Reproduce the records below exactly, but only between the lines holding "Figure 1 shows" and "1/2 MILLA DE", inclusive.

▸ **Records**
★ ★ ★ ★
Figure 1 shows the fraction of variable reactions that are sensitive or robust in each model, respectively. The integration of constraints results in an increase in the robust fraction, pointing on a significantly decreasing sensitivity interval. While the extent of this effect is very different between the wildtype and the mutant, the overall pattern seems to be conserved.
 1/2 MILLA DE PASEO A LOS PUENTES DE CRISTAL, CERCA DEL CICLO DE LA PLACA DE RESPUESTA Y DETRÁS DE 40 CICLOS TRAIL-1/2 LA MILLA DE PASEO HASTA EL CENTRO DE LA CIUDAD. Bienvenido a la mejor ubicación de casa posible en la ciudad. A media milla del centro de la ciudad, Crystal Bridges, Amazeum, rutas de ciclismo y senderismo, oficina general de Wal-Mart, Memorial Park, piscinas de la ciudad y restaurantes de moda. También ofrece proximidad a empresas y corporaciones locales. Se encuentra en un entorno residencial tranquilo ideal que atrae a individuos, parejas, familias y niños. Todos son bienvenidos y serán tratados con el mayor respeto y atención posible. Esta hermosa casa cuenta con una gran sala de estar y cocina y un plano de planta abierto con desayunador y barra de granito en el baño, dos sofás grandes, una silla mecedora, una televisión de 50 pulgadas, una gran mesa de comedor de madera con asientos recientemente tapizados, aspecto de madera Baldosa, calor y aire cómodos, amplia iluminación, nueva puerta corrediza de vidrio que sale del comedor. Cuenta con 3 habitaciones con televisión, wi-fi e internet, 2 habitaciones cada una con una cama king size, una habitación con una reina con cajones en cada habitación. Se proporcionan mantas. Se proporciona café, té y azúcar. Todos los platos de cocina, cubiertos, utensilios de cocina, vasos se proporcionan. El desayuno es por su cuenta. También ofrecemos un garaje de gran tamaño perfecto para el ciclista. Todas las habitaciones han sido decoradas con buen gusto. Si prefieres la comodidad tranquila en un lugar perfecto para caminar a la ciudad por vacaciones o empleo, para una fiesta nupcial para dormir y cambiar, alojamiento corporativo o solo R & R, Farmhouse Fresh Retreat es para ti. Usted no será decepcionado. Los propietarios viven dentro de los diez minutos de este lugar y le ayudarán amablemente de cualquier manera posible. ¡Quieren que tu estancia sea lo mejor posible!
★ ★ ★ ★
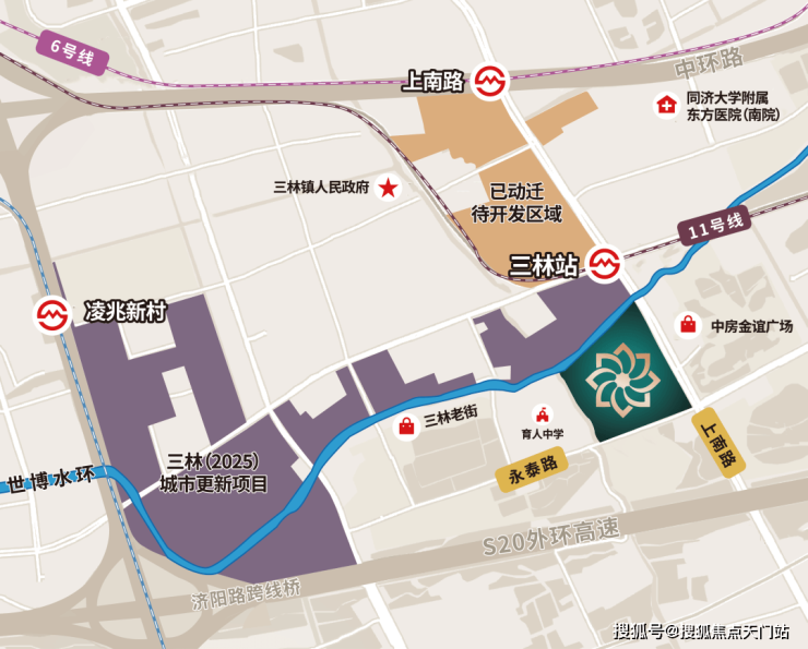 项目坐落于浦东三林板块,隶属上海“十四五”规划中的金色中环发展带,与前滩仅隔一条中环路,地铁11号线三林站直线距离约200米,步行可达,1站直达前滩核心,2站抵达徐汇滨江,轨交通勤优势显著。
★ ★ ★ ★
▸ **Solution below**
Figure 1 shows the fraction of variable reactions that are sensitive or robust in each model, respectively. The integration of constraints results in an increase in the robust fraction, pointing on a significantly decreasing sensitivity interval. While the extent of this effect is very different between the wildtype and the mutant, the overall pattern seems to be conserved.
 1/2 MILLA DE PASEO A LOS PUENTES DE CRISTAL, CERCA DEL CICLO DE LA PLACA DE RESPUESTA Y DETRÁS DE 40 CICLOS TRAIL-1/2 LA MILLA DE PASEO HASTA EL CENTRO DE LA CIUDAD. Bienvenido a la mejor ubicación de casa posible en la ciudad. A media milla del centro de la ciudad, Crystal Bridges, Amazeum, rutas de ciclismo y senderismo, oficina general de Wal-Mart, Memorial Park, piscinas de la ciudad y restaurantes de moda. También ofrece proximidad a empresas y corporaciones locales. Se encuentra en un entorno residencial tranquilo ideal que atrae a individuos, parejas, familias y niños. Todos son bienvenidos y serán tratados con el mayor respeto y atención posible. Esta hermosa casa cuenta con una gran sala de estar y cocina y un plano de planta abierto con desayunador y barra de granito en el baño, dos sofás grandes, una silla mecedora, una televisión de 50 pulgadas, una gran mesa de comedor de madera con asientos recientemente tapizados, aspecto de madera Baldosa, calor y aire cómodos, amplia iluminación, nueva puerta corrediza de vidrio que sale del comedor. Cuenta con 3 habitaciones con televisión, wi-fi e internet, 2 habitaciones cada una con una cama king size, una habitación con una reina con cajones en cada habitación. Se proporcionan mantas. Se proporciona café, té y azúcar. Todos los platos de cocina, cubiertos, utensilios de cocina, vasos se proporcionan. El desayuno es por su cuenta. También ofrecemos un garaje de gran tamaño perfecto para el ciclista. Todas las habitaciones han sido decoradas con buen gusto. Si prefieres la comodidad tranquila en un lugar perfecto para caminar a la ciudad por vacaciones o empleo, para una fiesta nupcial para dormir y cambiar, alojamiento corporativo o solo R & R, Farmhouse Fresh Retreat es para ti. Usted no será decepcionado. Los propietarios viven dentro de los diez minutos de este lugar y le ayudarán amablemente de cualquier manera posible. ¡Quieren que tu estancia sea lo mejor posible!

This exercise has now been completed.